## [TASK DESCRIPTION]
From the line that contains "当社の年末年始の休業期間は下記の通りとさせていただきます。" through the line that contains "白色的小外套,看起來就特別溫", output every line of the listing below exactly and leave out all the rest.

::: PROVIDED MATERIAL

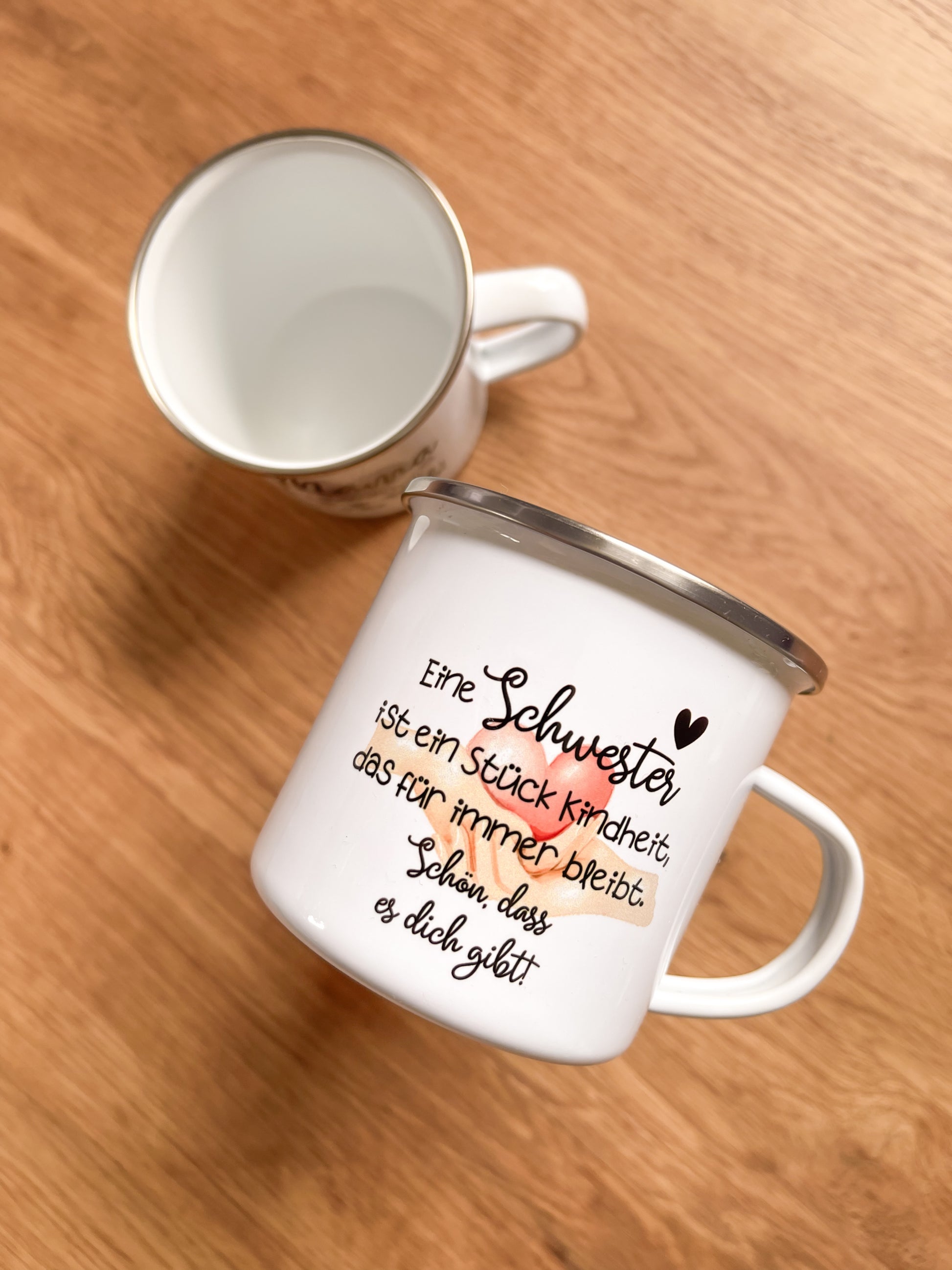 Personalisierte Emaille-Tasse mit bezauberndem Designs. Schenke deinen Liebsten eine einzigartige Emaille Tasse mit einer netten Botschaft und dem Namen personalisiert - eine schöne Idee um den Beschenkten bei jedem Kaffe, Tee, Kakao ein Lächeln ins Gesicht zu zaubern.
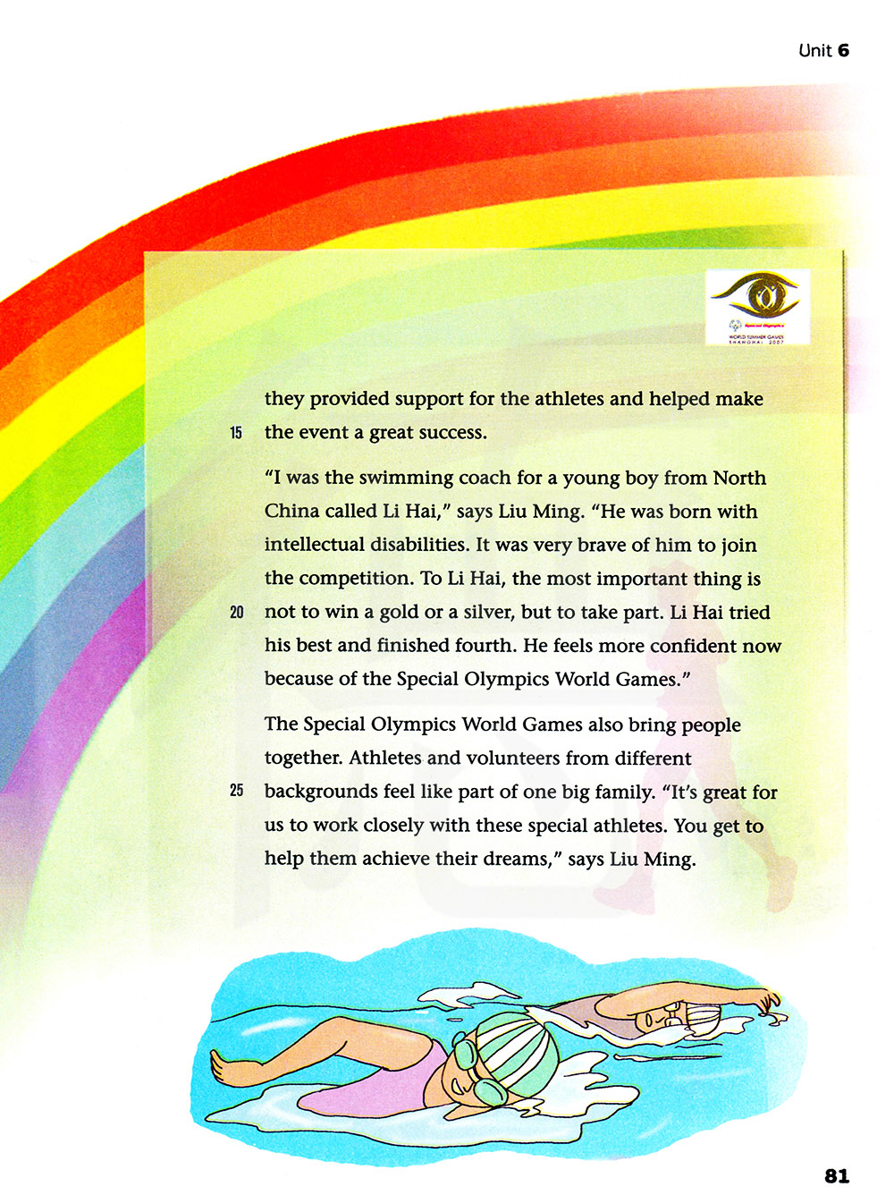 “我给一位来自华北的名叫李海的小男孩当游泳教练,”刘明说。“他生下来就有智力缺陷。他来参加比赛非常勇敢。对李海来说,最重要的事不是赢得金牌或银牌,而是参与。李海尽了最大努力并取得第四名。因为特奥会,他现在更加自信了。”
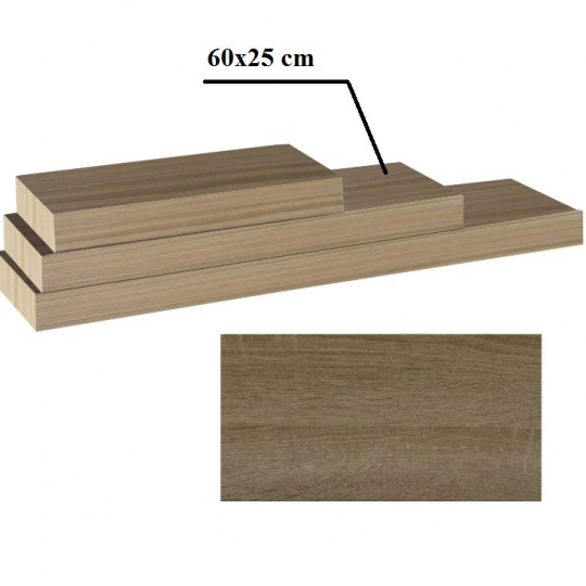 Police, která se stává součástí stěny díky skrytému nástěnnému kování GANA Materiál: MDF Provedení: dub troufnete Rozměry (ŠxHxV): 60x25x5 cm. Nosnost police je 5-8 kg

::::::
::: PROVIDED MATERIAL

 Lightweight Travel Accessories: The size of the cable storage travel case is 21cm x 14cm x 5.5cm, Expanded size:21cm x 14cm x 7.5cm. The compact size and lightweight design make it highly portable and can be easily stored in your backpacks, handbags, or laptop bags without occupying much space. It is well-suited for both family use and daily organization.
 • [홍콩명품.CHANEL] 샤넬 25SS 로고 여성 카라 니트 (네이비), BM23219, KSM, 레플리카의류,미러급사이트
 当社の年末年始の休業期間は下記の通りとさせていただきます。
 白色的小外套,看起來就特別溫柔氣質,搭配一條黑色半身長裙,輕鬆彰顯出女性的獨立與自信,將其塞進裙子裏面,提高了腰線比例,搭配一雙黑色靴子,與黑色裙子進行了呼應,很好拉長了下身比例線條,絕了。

::::::

## [EXERCISE OUTPUT]
 当社の年末年始の休業期間は下記の通りとさせていただきます。
 白色的小外套,看起來就特別溫柔氣質,搭配一條黑色半身長裙,輕鬆彰顯出女性的獨立與自信,將其塞進裙子裏面,提高了腰線比例,搭配一雙黑色靴子,與黑色裙子進行了呼應,很好拉長了下身比例線條,絕了。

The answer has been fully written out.